The Geneva Convention says an occupying power can’t move its civilians to the territory it occupies.

And Israel’s staunchest ally agrees.

US Secretary of State Antony Blinken said this in February.

“It's been long standing US policy under Republican and Democratic administrations alike that new settlements are counterproductive to reaching an enduring peace. They're also inconsistent with international law. Our administration maintains a firm opposition to settlement expansion.”

But Israel doesn't see it that way.

It considers the West Bank to be disputed territory, not occupied territory.

And in 2018, it passed the Nation State law, which established settlement as a national value that must be promoted by the state.

Israeli Finance Minister Bezalel Smotrich, who is a settler himself, says it's a matter of security.

“We are settling our land from width to length, controlling it and fighting terror always and bringing with God’s help security to all of Israel.
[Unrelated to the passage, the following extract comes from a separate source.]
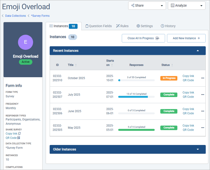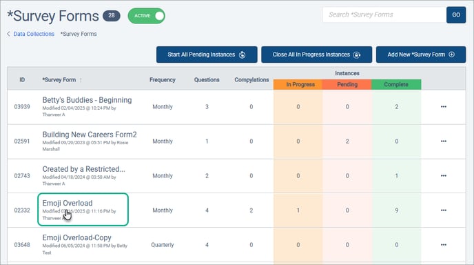 Survey and Note Forms can be edited to meet evolving needs. Keep in mind that any new fields added to a survey form will be added to future survey instances but not to any completed or in progress instances.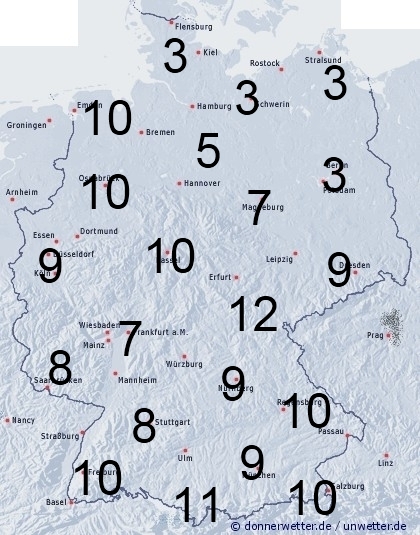 Im Nordosten bleibt es meistens trocken. Hier entsteht leichte Benetzung durch nächtlichen Strahlungstau. Sonst können gebietsweise teils kräftige Schauer und Gewitter auftreten. Die Benetzungsdauer kann dabei stark voneinander abweichen. Bei niederschlagsfreiem Wetter liegt sie meist nur zwischen 2 und 4 Stunden. Bei Regengüssen können zwischen 4 und 12 Stunden erreicht werden.

Without settlement there is no security.”

Amy Maguire is a lecturer in international law at the University of Newcastle.

She says, despite broad consensus in the United Nations on the status of settlements, international law in this area is difficult to enforce.
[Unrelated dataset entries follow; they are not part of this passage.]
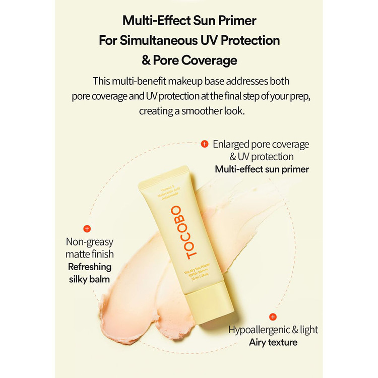 ضد آفتاب ویتا پرایمر توکوبو یک محصول چند منظوره است که در کنار مزایای پرایمر، محافظت کاملی در برابر اشعههای مضر UVA و UVB با SPF50+ فراهم میسازد. این برای محو کردن منافذ، حتی بافت پوست و ایجاد یک پایه صاف برای آرایش طراحی شده است. فرمول این محصول سبک، ضد آب است و شامل موادی مانند اسید مادکاسیک و آسیاتیکوزید برای تسکین و تقویت سد پوستی است. همچنین به عنوان یک پرایمر شیمیایی وگان خورشید توصیف می شود.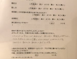 新規のお客様がヒプノセラピーを受けにお越し頂き、セッションのご感想を頂きました(^^)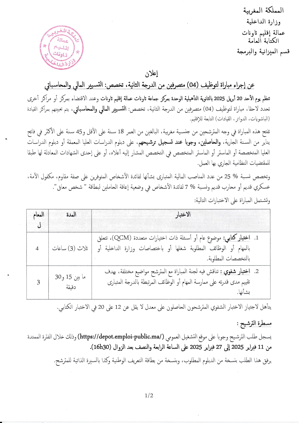 إقليم تاونات: مباراة توظيف 12 متصرف من الدرجة الثانية. آخر أجل 27 فبراير 2025

“International law is entirely reliant on the political will and practice of the state parties involved. Despite international condemnation, Israel has continued to expand its settlement activity in the West Bank. The settlements are supported, obviously, by increasing infrastructure, more housing, more economic development, and all of those factors further entrench the presence of the settlements. So it creates a reality on the ground that becomes more and more difficult to reverse.”

The idea of a two-state solution has long been predicated along Israel's pre-1967 borders.

That means the Palestinians want East Jerusalem and the West Bank, along with the Gaza Strip, to make up their future state.

In the West Bank, they still outnumber Jewish settlers, who make up 15 per cent of the population.

But analysts say the placement of the Jewish settlements and outposts, which are often on hilltops overlooking critical water supplies and grazing land, is one of the biggest barriers to peace.

Dror Etkes believes that has been done intentionally.

“The problem is that they’re located all over the West Bank - and deliberately so. They have been deliberately established between Palestinian communities in a way that they will create axes between Palestinian communities in order to prevent the possibility that a Palestinian state will be created in the future.”

That possibility of Palestinian sovereignty has been all but ruled out by the current Israeli government.

In January, Prime Minister Benjamin Netanyahu saying:

“In any arrangement in the foreseeable future, with an accord or without an accord, the State of Israel must have security control over the entire territory west of the Jordan River. That's a necessary condition. It clashes with the principle of sovereignty, what can you do.”